Not this Sphinx, naming is really a important fact. Anyway, I tried to play with CMU Sphinx. It, the pocketsphinx, provides Python binding, though no real documentation. There are two modes that you can do recognition, by on-the-fly or by block of data. By default models, on-the-fly gives useless results, I don’t know if it can do better after training a bit. However, I have no idea how to do that, too. By decoding a block a data gives acceptable results.

I was actually caught by gnome-voice-control. It does work, but it also crashes.
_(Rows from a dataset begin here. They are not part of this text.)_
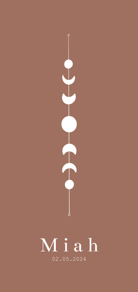 Maanstanden in goudfolie hip geboortekaartje meisje. (22943)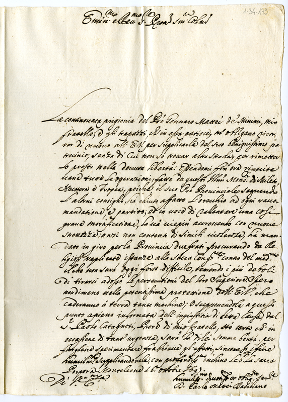 Lettera di Carlo Mattei a un cardinale (1695 ottobre 16)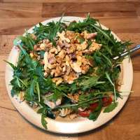 Еще кое-что. Паста-салат с грецкими орешками, рукколой и цуккини.Крем-суп из тыквы, картофеля и кольраби.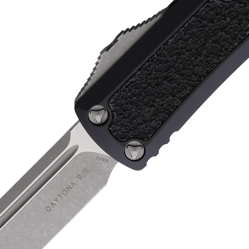 Microtech Automatic Daytona OTF Knife Black Aluminum & Traction Apocalyptic Drop Pt Blade 12410APS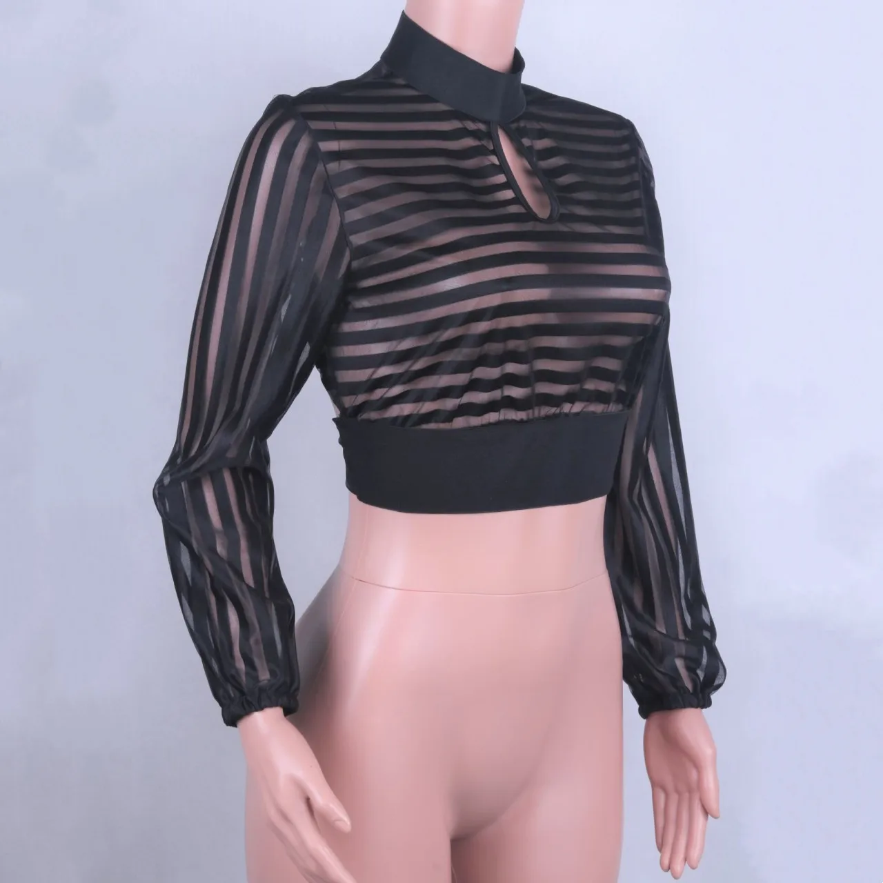 Сексуальные женские черные полосатые сетчатые Прозрачные рубашки с ...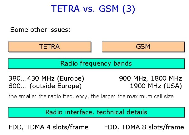 아래는 GSM과 비교한 표이지만, 특성을 아주 잘 요약한 것 같습니다. GMS은 무시하시고 Tetra 특성만 보시면 되겠네요.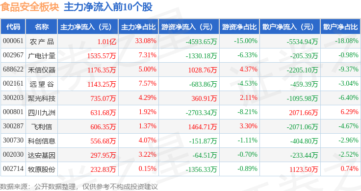 从资金流向上来看,当日食品安全板块主力资金净流出654.96万元,游资资金净流出4593.62万元,散户资金净流入5248.58万元。食品安全板块个股资金流向见下表: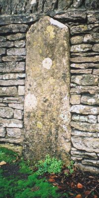 Milestone, Station Road; opp. Church, in boundary wall of Stoneleigh House, milestone in Brize Norton, West Oxfordshire, UK

I checked out the repository (I couldn’t compile version 0.3) and installed sphinxbase 0.4.1 and pocketsphinx 0.5.1.

Since it crashes every time, I wanted to write a simple or similar one using Python. Unfortunately, the result isn’t good, though reduce word bank and do word slice on our own plus decode by block may help to improve the accuracy, but I think that’s much effort to do and I have much knowledge of speech recognition. I stopped here.

I still organized a simple code, which uses pyalsaaudio 0.4 to capture audio. It records till you press Ctrl+C, then do recognition.

You can also try this Python script1, which is a GUI and uses Sphinx’s Gstreamer plugin.

[1]http://www.speech.cs.cmu.edu/cmusphinx/moinmoin/GStreamer is gone.